D’Artagnan started alone on his journey, without other escort than his sword, and with a simple passport from Mazarin to secure his admission to the queen’s presence. Six hours after he left Pierrefonds he was at Saint Germain.

The disappearance of Mazarin was not as yet generally known. Anne of Austria was informed of it and concealed her uneasiness from every one. In the chamber of D’Artagnan and Porthos the two soldiers had been found bound and gagged. On recovering the use of their limbs and tongues they could, of course, tell nothing but what they knew--that they had been seized, stripped and bound. But as to what had been done by Porthos and D’Artagnan afterward they were as ignorant as all the inhabitants of the chateau.

Bernouin alone knew a little more than the others. Bernouin, seeing that his master did not return and hearing the stroke of midnight, had made an examination of the orangery. The first door, barricaded with furniture, had aroused in him certain suspicions, but without communicating his suspicions to any one he had patiently worked his way into the midst of all that confusion. Then he came to the corridor, all the doors of which he found open; so, too, was the door of Athos’s chamber and that of the park. From the latter point it was easy to follow tracks on the snow. He saw that these tracks tended toward the wall; on the other side he found similar tracks, then footprints of horses and then signs of a troop of cavalry which had moved away in the direction of Enghien. He could no longer cherish any doubt that the cardinal had been carried off by the three prisoners, since the prisoners had disappeared at the same time; and he had hastened to Saint Germain to warn the queen of that disappearance.
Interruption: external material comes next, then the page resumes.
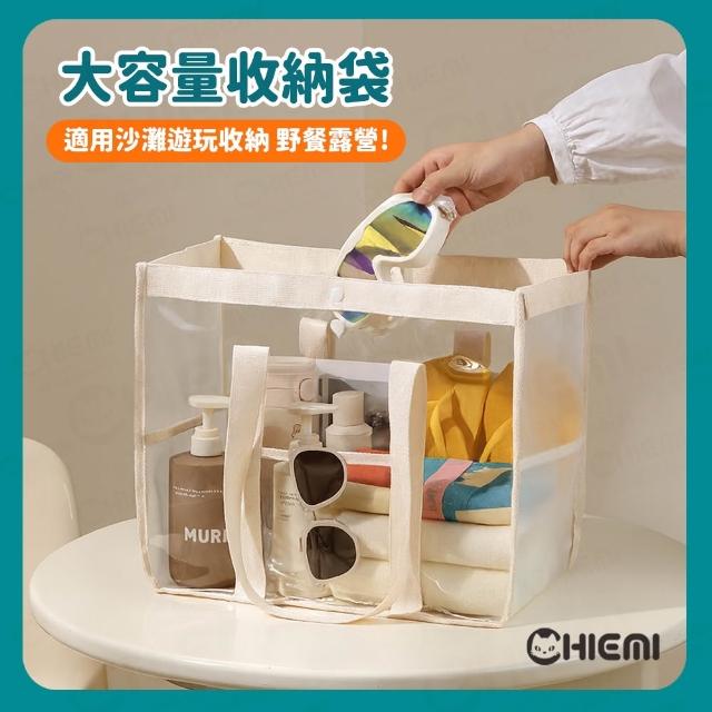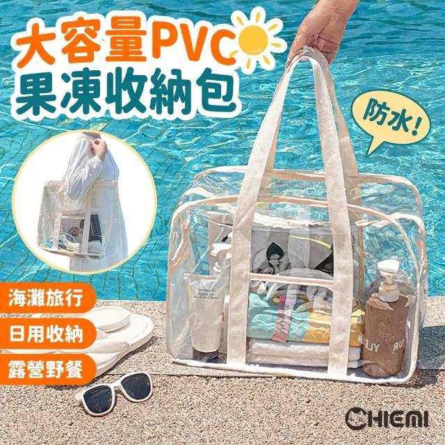CHIEMI[奶油風🧁大容量防水果凍包] 透明提袋 收納包 游泳袋 旅行收納袋 透明收納袋 防水提袋 游泳包 沙灘包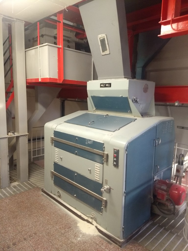 The guide of the day, Rosie, started the tour in the milling room, where barley is grinded into grist (with a usual component of 10% of flour and 20% of husk), in this case by Milly the mill, a more modern looking machine than the usual Porteus ones.

Anne had enforced the utmost secrecy and had disclosed the event to no one except the Prince de Conde, who had sent five or six hundred horsemen into the environs of Saint Germain with orders to bring in any suspicious person who was going away from Rueil, in whatsoever direction it might be.
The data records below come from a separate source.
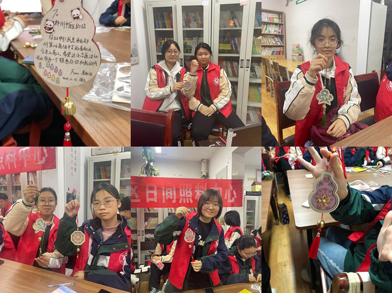 培训结束后,同学们开启了手工创作与心意传递环节。大家专心致志地制作精美的手工挂饰,从材料组装到细节打磨,每一步都倾注了对志愿服务的热忱。同时,志愿者们还精心书写明信片,将对“爱益联”社会工作服务站的感谢与参与活动的感悟凝于笔端。一张张手写明信片、一个个创意手工挂饰,不仅是心意的传递,更是志愿精神的具象表达。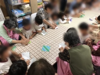 そらぐみが2回目の憩いの家に訪問しました。今歌っている「そらとべあおむしくん」を歌ったり、「むしむしじゃんけん」をしてふれあいを楽しんだりしました。その後、カタツムリの折り紙を教わり、楽しい時間を過ごしました!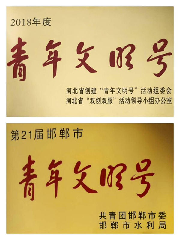 2020年9月9日,共青團(tuán)邯鄲市委授予邯鄲市水利水電勘測設(shè)計(jì)研究院“青年文明號”榮譽(yù)稱號。設(shè)計(jì)院已連續(xù)兩年榮獲省、市“青年文明號”榮譽(yù),一份份沉甸甸的榮譽(yù)熠熠生輝,一顆顆年輕向上的拳拳之心火熱在胸,設(shè)計(jì)院的青年職工在時(shí)代浪潮的奮勇搏擊中,責(zé)任在肩,使命光榮。
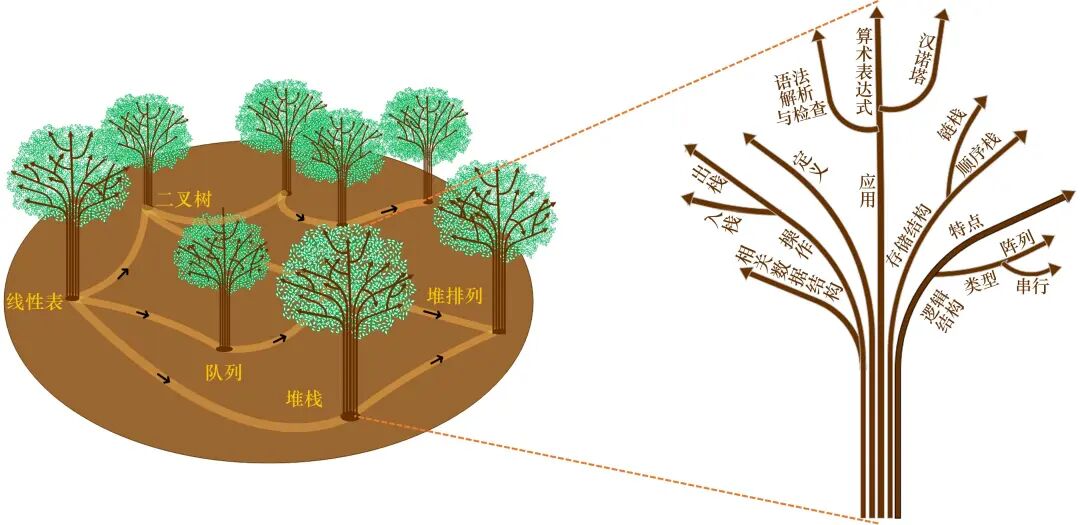 在知识获取的基础上,知识融合的根本性问题在于如何对不同来源的数据进行合并,去除冗余知识,实现对知识的最优整合。为解决这一问题,西安交通大学研究团队提出了一种创新的知识融合模型,即知识森林。如图3所示,知识森林采用“分面聚合”与“导航学习”相结合的策略,形成由主题分面树(右图树形结构)与学习依赖关系(左侧森林中路径)结合的知识层次结构。知识森林的构建包括主题分面树生成、碎片化知识装配、认知关系挖掘3个步骤。其中,分面树生成旨在挖掘领域内具有饱满内容信息的知识主题及其更细粒度的分面结构,可以先通过主题分面联合学习算法生成主题和分面集合,然后基于基序(Motif)结构挖掘每个主题的分面层级结构。碎片化知识装配旨在学习文本、图像等碎片知识和主题分面树的映射关系,形成实例化的主题分面树,以图文并茂的知识表达形式为学习者提供更加全面的主题内容。上述知识森林构建过程可以通过运用自然语言处理、计算机视觉、跨媒体挖掘等技术得以实现。学习依赖关系表现为在学习某项知识主题之前必须要掌握该知识主题的前提知识,这类关系的挖掘可通过分析知识主题的分布特性与语义特性、认知关系的局部性与非对称性来实现。知识森林是一种创新的知识库形态,可为知识检索、智能问答、问题生成等推理任务提供知识支撑,在教育、税务、医疗等多个领域具有应用前景。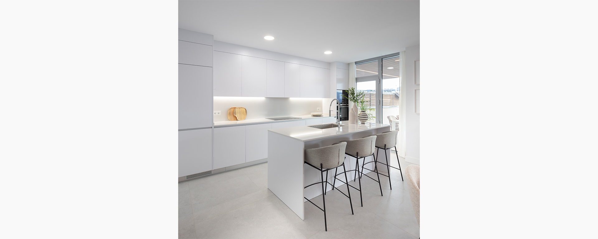 Idealnie zorientowane, z całkowicie otwartą przestrzenią, do wyboru są apartamenty na parterze z przestronnymi tarasami i spektakularnymi ogrodami, a także penthousy z zapierającymi dech w piersiach widokami panoramicznymi, oferującymi niezrównane widoki na pole golfowe i okolicę, idealne do podziwiania długich letnich zachodów słońca.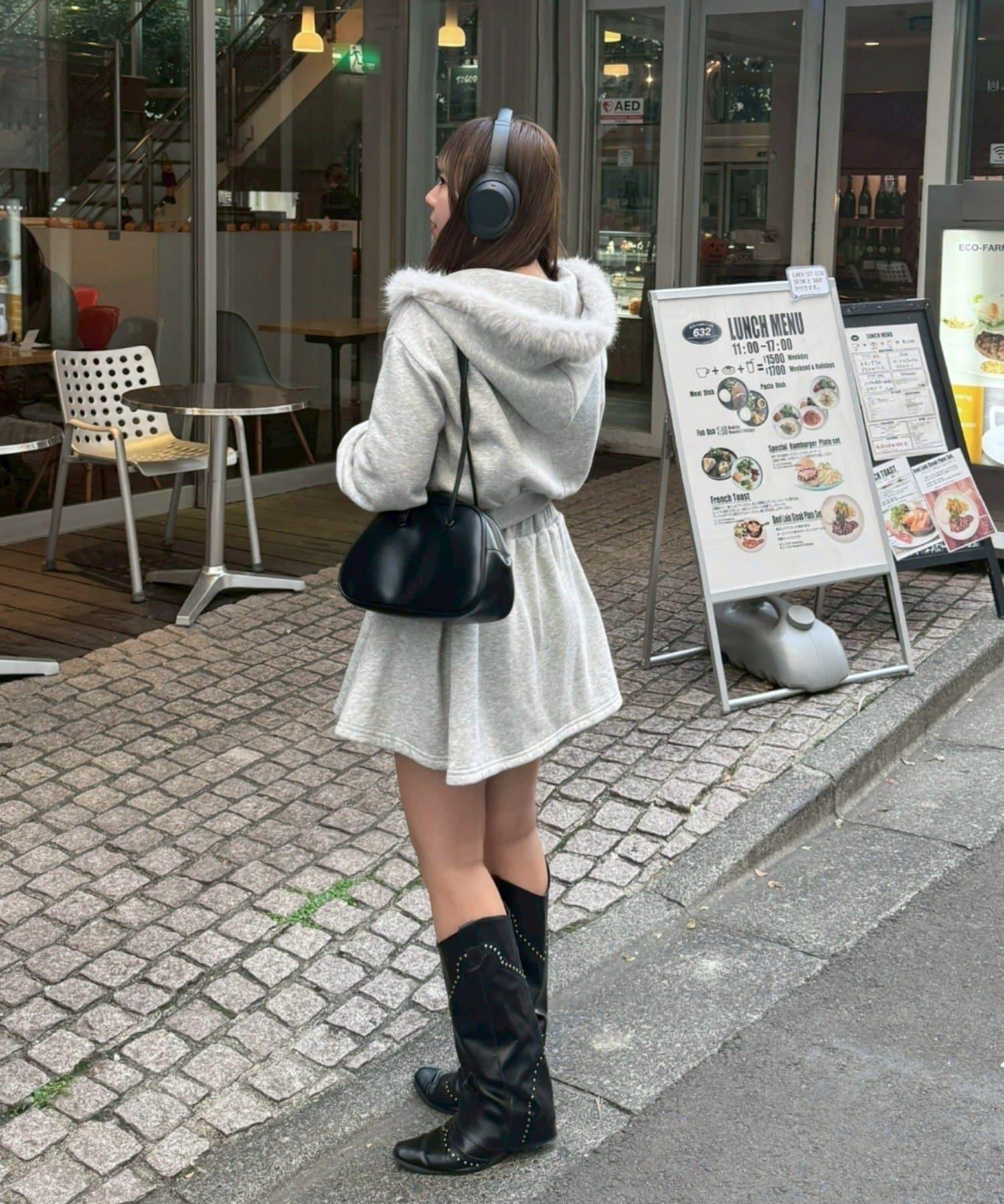 將派克大衣與喇叭牛仔褲搭配,盡享季節風情。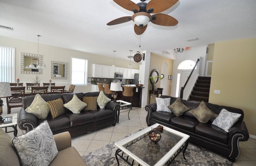One of the lovely features of our Florida villa is the imposing staircase as you enter and the beautiful lounge area that overlooks the pool. Here you can watch cable tv on our big screen, see a dvd or simply listen to the music system.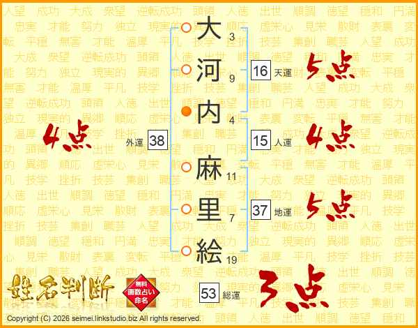 大(3画)河(9画)内(4画) 麻(11画)里(7画)絵(19画)

Now, since D’Artagnan did not constitute a body of horsemen, since he was alone, since he was not going away from Rueil and was going to Saint Germain, no one paid any attention to him and his journey was not obstructed in any way.

On entering the courtyard of the old chateau the first person seen by our ambassador was Maitre Bernouin in person, who, standing on the threshold, awaited news of his vanished master.
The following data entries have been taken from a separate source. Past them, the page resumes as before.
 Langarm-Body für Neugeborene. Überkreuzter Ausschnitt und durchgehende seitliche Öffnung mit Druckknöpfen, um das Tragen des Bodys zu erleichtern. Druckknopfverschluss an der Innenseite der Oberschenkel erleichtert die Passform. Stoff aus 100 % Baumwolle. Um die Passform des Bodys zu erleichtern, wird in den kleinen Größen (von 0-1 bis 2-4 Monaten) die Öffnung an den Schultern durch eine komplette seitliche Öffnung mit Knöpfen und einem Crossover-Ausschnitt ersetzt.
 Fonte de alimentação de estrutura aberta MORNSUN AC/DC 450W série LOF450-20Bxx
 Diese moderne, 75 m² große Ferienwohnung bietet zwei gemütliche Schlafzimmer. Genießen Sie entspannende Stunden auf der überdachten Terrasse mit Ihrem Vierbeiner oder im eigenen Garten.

At the sight of D’Artagnan, who entered the courtyard on horseback, Bernouin rubbed his eyes and thought he must be mistaken. But D’Artagnan made a friendly sign to him with his head, dismounted, and throwing his bridle to a lackey who was passing, he approached the valet-de-chambre with a smile on his lips.

“Monsieur d’Artagnan!” cried the latter, like a man who has the nightmare and talks in his sleep, “Monsieur d’Artagnan!”

“Himself, Monsieur Bernouin.”

“And why have you come here?”

“To bring news of Monsieur de Mazarin--the freshest news there is.”

“What has become of him, then?”

“He is as well as you and I.”

“Nothing bad has happened to him, then?”